I like to think I’m a good friend. I’m not great at keeping staying in touch daily, weekly or even monthly with people, but I am ALWAYS around to pick up the phone if someone calls, or respond when someone messages. I may not be the initiator, but I am loyal and reliably ‘there’. I will laugh with you, I will crack jokes to make you smile, I’ll listen to your tears, and celebrate your joys. All this to say that even though I’m struggling with infertility… I’ll still jump up and down with you if you finally get pregnant, or if you’re excited for your 5th kid.
A while ago (about 3.5 years), my brother and his wife called me to tell me they were pregnant.

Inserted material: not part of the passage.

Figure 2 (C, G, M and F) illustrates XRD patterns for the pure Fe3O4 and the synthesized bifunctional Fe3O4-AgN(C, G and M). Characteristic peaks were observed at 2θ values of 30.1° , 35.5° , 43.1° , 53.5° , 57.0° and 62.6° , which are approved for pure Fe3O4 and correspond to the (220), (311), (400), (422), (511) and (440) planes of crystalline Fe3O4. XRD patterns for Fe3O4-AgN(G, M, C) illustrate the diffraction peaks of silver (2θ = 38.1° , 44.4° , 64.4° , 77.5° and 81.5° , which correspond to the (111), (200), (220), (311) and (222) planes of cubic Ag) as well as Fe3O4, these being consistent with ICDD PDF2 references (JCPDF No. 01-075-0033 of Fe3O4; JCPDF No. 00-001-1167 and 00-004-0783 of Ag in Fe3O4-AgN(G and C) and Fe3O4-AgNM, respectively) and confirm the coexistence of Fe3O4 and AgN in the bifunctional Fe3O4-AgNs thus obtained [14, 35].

There was hesitation in his voice, there was pause of how to tell me, everything that was said was thought out with an ever-present uncertainty of how I would react. I remember the conversation clearly. He cared about my feelings. He was walking on eggshells. There was a clear sense of relief when I reacted with utter joy and excitement. I was going to be an Aunt (again.. but this time it was my brother, not my sister-in-law) and I was thrilled.

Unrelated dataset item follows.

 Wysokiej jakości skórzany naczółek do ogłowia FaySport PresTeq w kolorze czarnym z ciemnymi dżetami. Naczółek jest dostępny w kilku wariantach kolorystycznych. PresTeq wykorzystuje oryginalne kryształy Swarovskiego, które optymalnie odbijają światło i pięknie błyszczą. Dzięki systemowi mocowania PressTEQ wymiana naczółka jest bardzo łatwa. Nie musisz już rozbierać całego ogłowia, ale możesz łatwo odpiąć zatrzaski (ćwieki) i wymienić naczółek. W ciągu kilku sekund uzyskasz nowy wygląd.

I remember it so clearly because it meant so much to me that they were worried about me and my feelings, but it also hurt a little, that they thought I would be anything but happy. I realized with this infertility bullsh$&t, that I’m even more excited and happy for my friends and family who are having kids. Why? Because I know what a struggle it can be. I know what a heartache it can be. I know how much pain, sadness, guilt and crushing disappointment, trying to have children can be.
Now having said that…baby showers…
I have gone to a couple since I found out I couldn’t have children. They’re hard on me. REALLY hard on me. I don’t know what it is, but it is not healthy for me. I also feel like I’m bringing everyone else down because I can’t seem to ‘get into the spirit’… so I’ve decided that, for my own mental health, I shouldn’t go to baby showers. Trust me, I LOVE buying my nieces and nephews (official or not) all the cute things, and I will 100% spoil your children (that’s my job as Aunt), but if I don’t RSVP “yes” to your baby shower, please know it’s not because I’m not happy for you, and it’s not that I don’t want to give you all the cute things… it’s simply a line I’ve had to draw for my own mental health.
So to all my friends, family, friends of friends, friends of family…I love you and am happy for you.
Happier than I can express. I’m THRILLED for you and the adventure you’re taking on. Do not hesitate to call me or tell me. I will be the FIRST person to jump up and down with you…. to toast with a glass of scotch to you… I’m even willing to drink yours for you too! I will absolutely be 100% in your corner. My joy and love for you trumps any pain or jealousy that may spring up.